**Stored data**

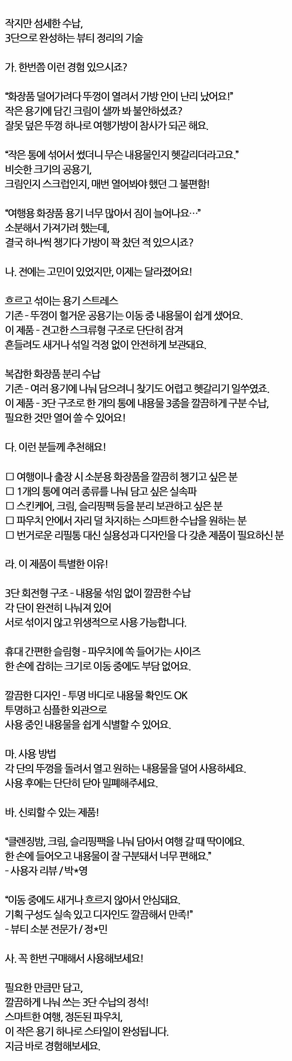 여행 출장시 내용물 깔끔하게 구분 수납 3단 크림용기
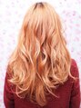 ボリューム感があるけれど柔らかいウェーブのスタイルです。のばしかけの方やロングに飽きてきた方にもオススメです。ゴールド×ベージュの上品でリッチなツヤ感がドライに見せがちなウェーブをキレイに! 顔周りの包むような動きで小顔効果も☆
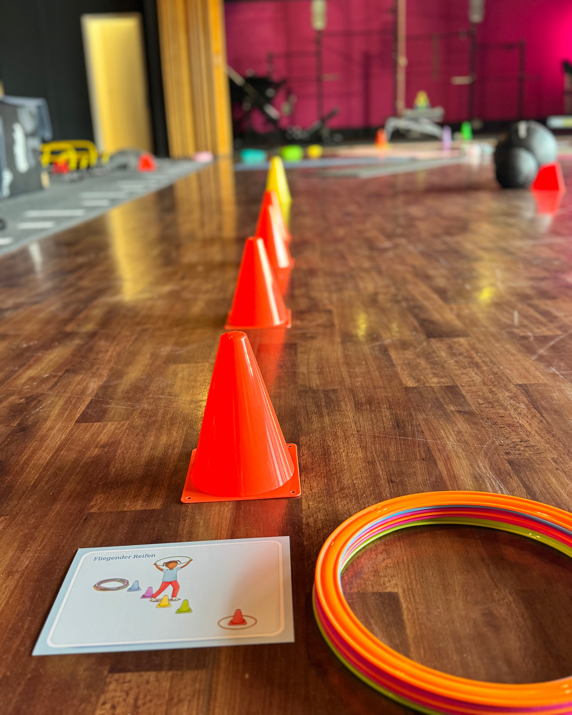 Kein klassisches Kinderturnen, sondern ein pädagogisch aufgebautes Training, das Kinder spielerisch fördert. In altersgerechten Kraftzirkeln üben die Kleinen z. B. Kniebeugen, Balancierübungen oder Kletterbewegungen. Dazu kommen Spiele, Challenges und Bewegungsaufgaben, die Spaß machen und gleichzeitig Kraft, Koordination, Ausdauer und Beweglichkeit entwickeln.
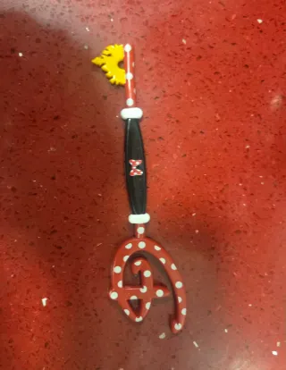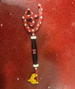 Llave decorativa de madera con diseño de Disney. - Diseño de lunares rojos con blanco. - Detalle de Minnie Mouse en el mango. - Figura de Mickey Mouse en la parte superior.
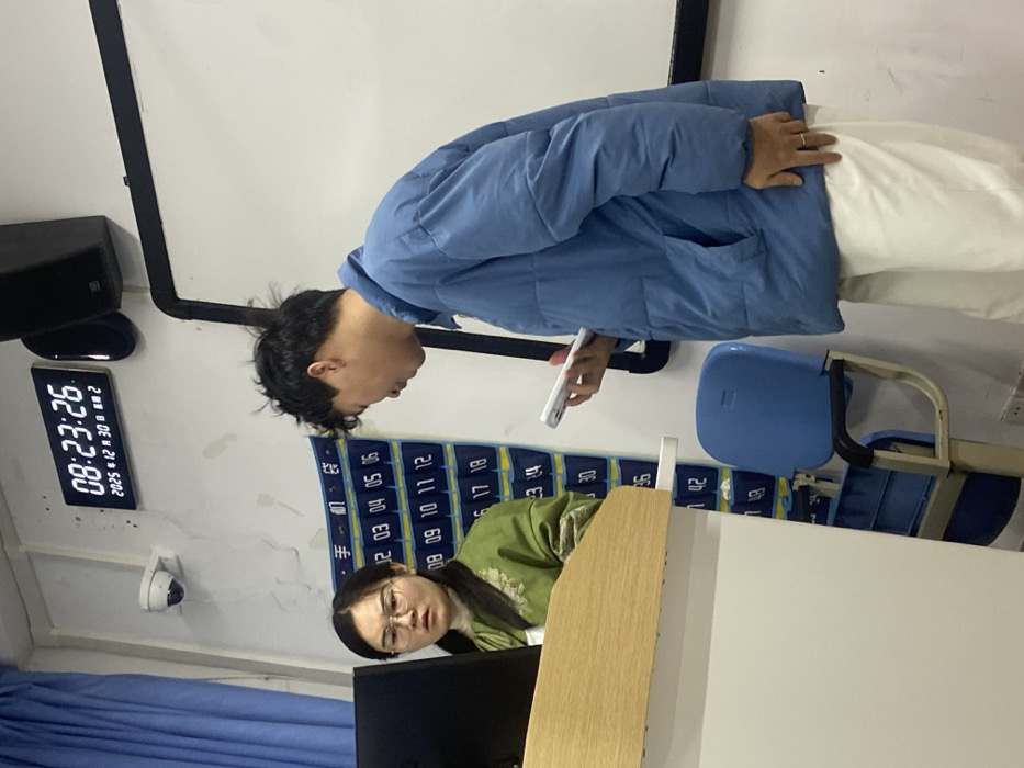 Two people are in a classroom. The person in the foreground has on a green top and is sitting at a desk. There is a computer on the desk. A person in a blue jacket stands nearby, holding a white cell phone. A blue chair is also visible. A calendar hangs on the wall with the numbers 02, 03, 04, 05, 06, 08, 09, 10, 11, 12, 16, 17, 18, 30, and 36. A digital clock shows 8:23:26, and a date of 2025/12/30. A security camera is on the wall.
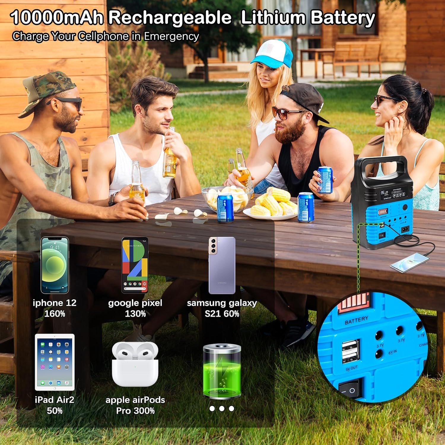 Estación de energía portátil todo en uno: estos generadores portátiles para acampar incluyen una batería de alta capacidad de 10000 mAh y un panel solar de 10 W. Con tecnología de batería avanzada, proporciona energía confiable fuera de la red para camping, caravana, respaldo en casa o cualquier aventura al aire libre, manteniendo tus dispositivos electrónicos cargados y listos. Múltiples opciones de carga: el generador solar con paneles incluidos está diseñado con una versátil gama de tomas: 2 puertos USB (5 VDC), y 3 puertos CC (3.7 VCC). Este pequeño generador te permite conectar múltiples dispositivos como portátiles, teléfonos, ventiladores, libros electrónicos, consolas de juegos, cámaras, MP4 y más simultáneamente. Su alto rendimiento garantiza tiempos de ejecución prolongados para tus dispositivos esenciales. Solar y recargable en pared: este generador de energía ofrece flexibilidad de carga con tres métodos prácticos: recarga a través del panel solar incluido (8-15 horas de carga completa bajo luz solar directa), toma de pared (6-8 horas) o toma de corriente USB para automóvil cuando estás en la carretera. Lleva los generadores al aire libre contigo sobre la marcha y nunca te preocupes por la escasez de energía. (Nota: para una mejor duración de la batería, recarga al menos dos veces por semana si no está en uso, manteniendo un nivel de carga del 60-80%. Evite usarlo únicamente como respaldo de emergencia) Generador de baterías compacto y ligero: con un peso de solo 1.8 libras, este generador portátil para acampar es realmente portátil. Con una construcción duradera, está hecho para soportar los elementos durante todas tus actividades al aire libre. Las características compactas y ligeras permiten que la central eléctrica con panel solar requiera muy poco espacio de almacenamiento, por lo que es perfecto para cualquier persona que desee viajar ligero. Luces brillantes: este mini generador silencioso tiene 3 lámparas LED con interruptor individual y cable de 9.8 ft que aporta luz con bajo consumo de energía (12 horas en 1 lámpara, 9 horas en 2 lámparas, 5 horas en 3 lámparas). Linternas LED integradas con tres niveles de brillo, el banco de energía portátil se puede utilizar como una linterna profesional cuando sea necesario, que es muy adecuado para su uso cuando se rompe el automóvil. S abajo, corte de energía en casa, o una fuente de alimentación de la tienda. Hay modo SOS, utilice la frecuencia internacional SOS para ayuda. Incluye adaptador, batería, enchufe, cable, cable y cable: el paquete viene completo con un adaptador, una batería de alta calidad, enchufes necesarios, cables y cables para garantizar que tengas todo lo que necesitas para un funcionamiento sin problemas nada más sacarlo de la caja.
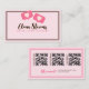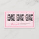 Invest in your brand with this Feminine Social Media Pink Script Text Business Card template with three QR codes. Link the QR codes to your top three social media platforms and make it easier than ever for your customers to connect with you. This soft pink business card with a thin chocolate brown key lines features a thick, elegant script font with a subtle retro vibe and fun social media heart icons.
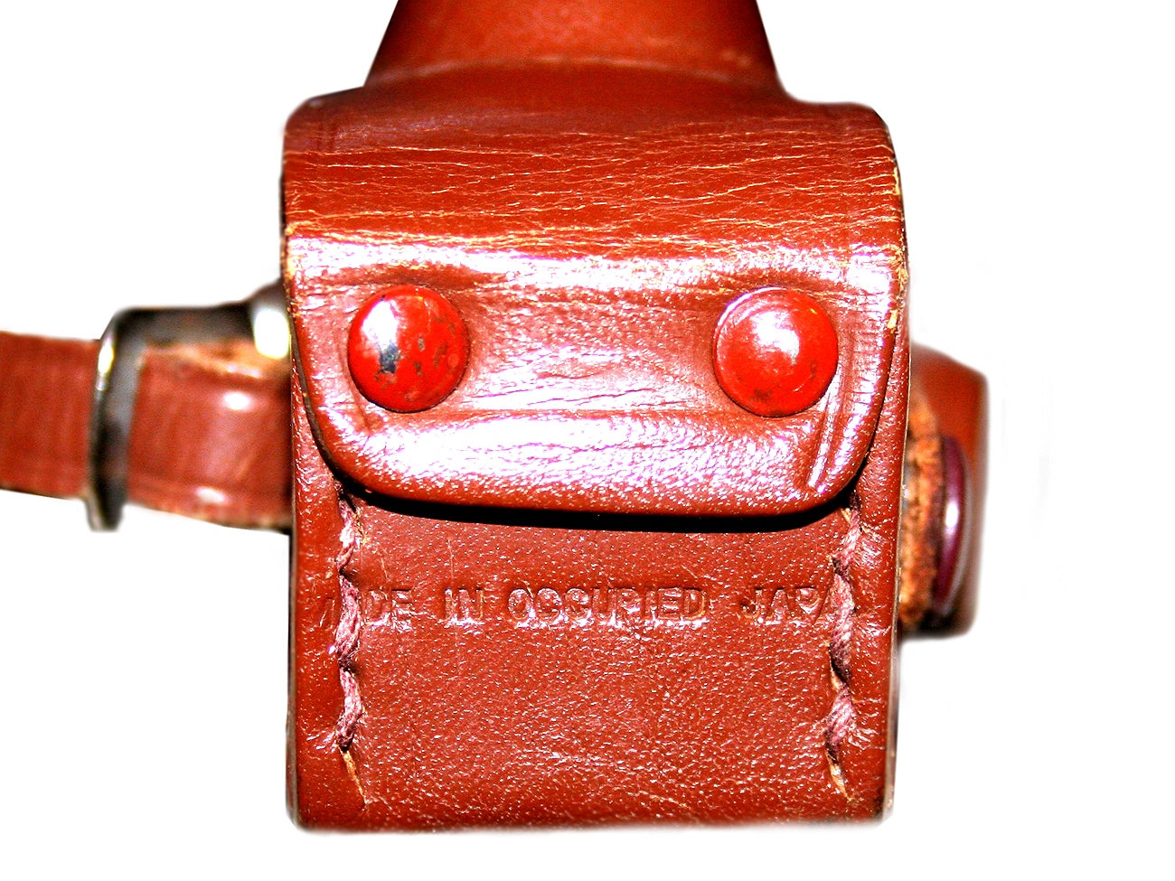 Interessant auch am Museumsmodell: die Prägung „Made in Occupied Japan“ auf der Ledertasche. Dieser Hinweis soll noch bis 1955 auf Industrieerzeugnissen verwendet worden sein, obwohl die Besetzung Japans durch die Amerikaner offiziell 1952 endete. Es handelt sich also offensichtlich um ein frühes Modell der Steky III.
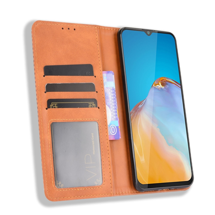 Funda de Cuero Cubot Note 20 / Nota 20 Pro con Hebilla Magnética, Soporte, Ranuras y Marco de Fotos (Marrón)
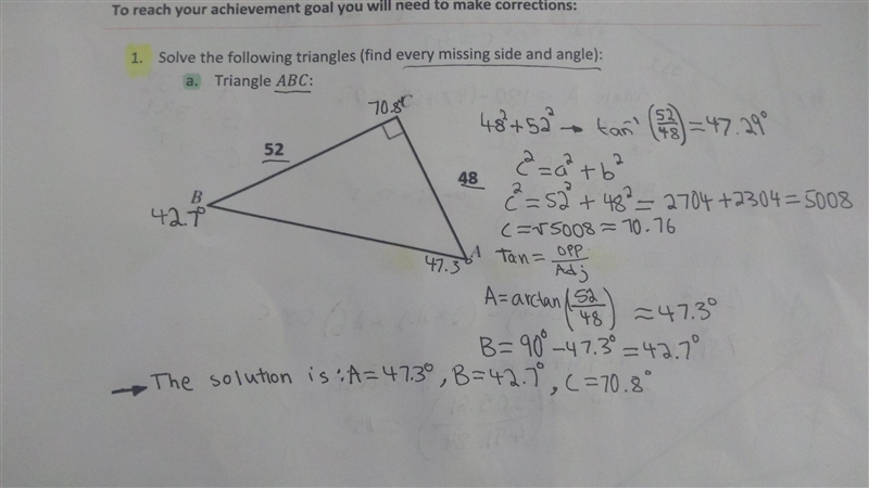 Thus, as you've written, we can find c by plugging in 52 for and 48 or b in the Pythagorean Theorem. Then, we'll take the square root of the sum of squares of 52 and 48 to find c, aka side BA (the hypotenuse):
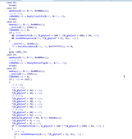 之后根据C2指令执行不同的恶意功能:
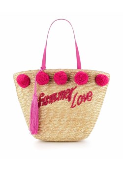 Różowa torba plażowa typu koszyk z pomponami GIAIS
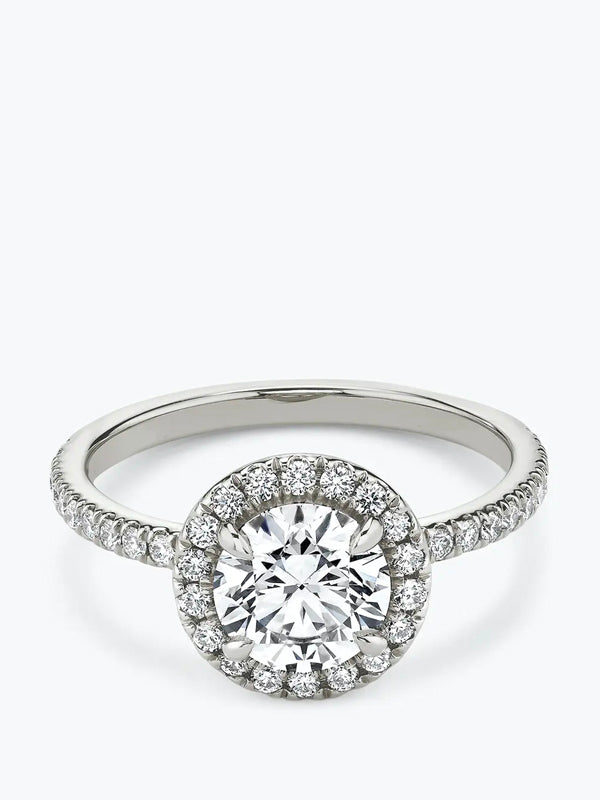 1.5ct  w/ Shoulder Stones and Halo  CENTRE DIAMOND Sustainably created, IGI certified and laser inscribed Shape  Round Brilliant  Carat Weight  1.51 Carats  Colour Grade  D Clarity Grade  VS2 Cut Grade  Excellent Polish  Excellent Symmetry  Excellent    SHOULDER & HALO STONES Number ...
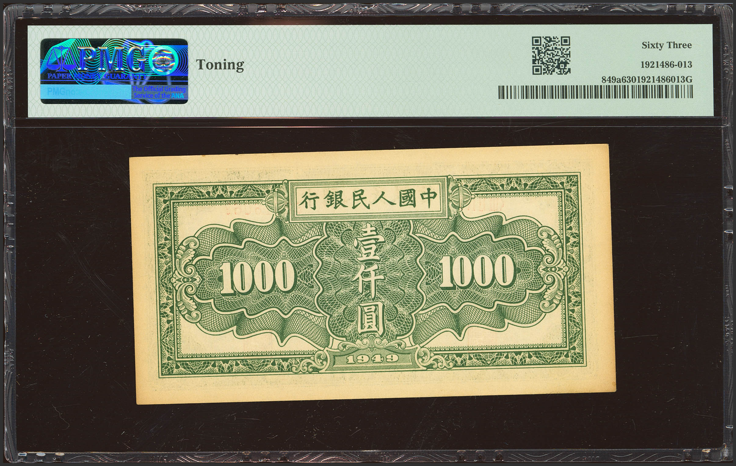 CHINA. 1000 Yuan. 1949. Peoples Bank. (Pick: 849a, SM: C282). PMG63 (toning).

**REQUIRED ACTION**
Reproduce the data above line for line, from its first line through the line containing "ボリューム感があるけれど柔ら", both ends included, with the pictures omitted and nothing more.

**EXERCISE RESPONSE**
 여행 출장시 내용물 깔끔하게 구분 수납 3단 크림용기
 ボリューム感があるけれど柔らかいウェーブのスタイルです。のばしかけの方やロングに飽きてきた方にもオススメです。ゴールド×ベージュの上品でリッチなツヤ感がドライに見せがちなウェーブをキレイに! 顔周りの包むような動きで小顔効果も☆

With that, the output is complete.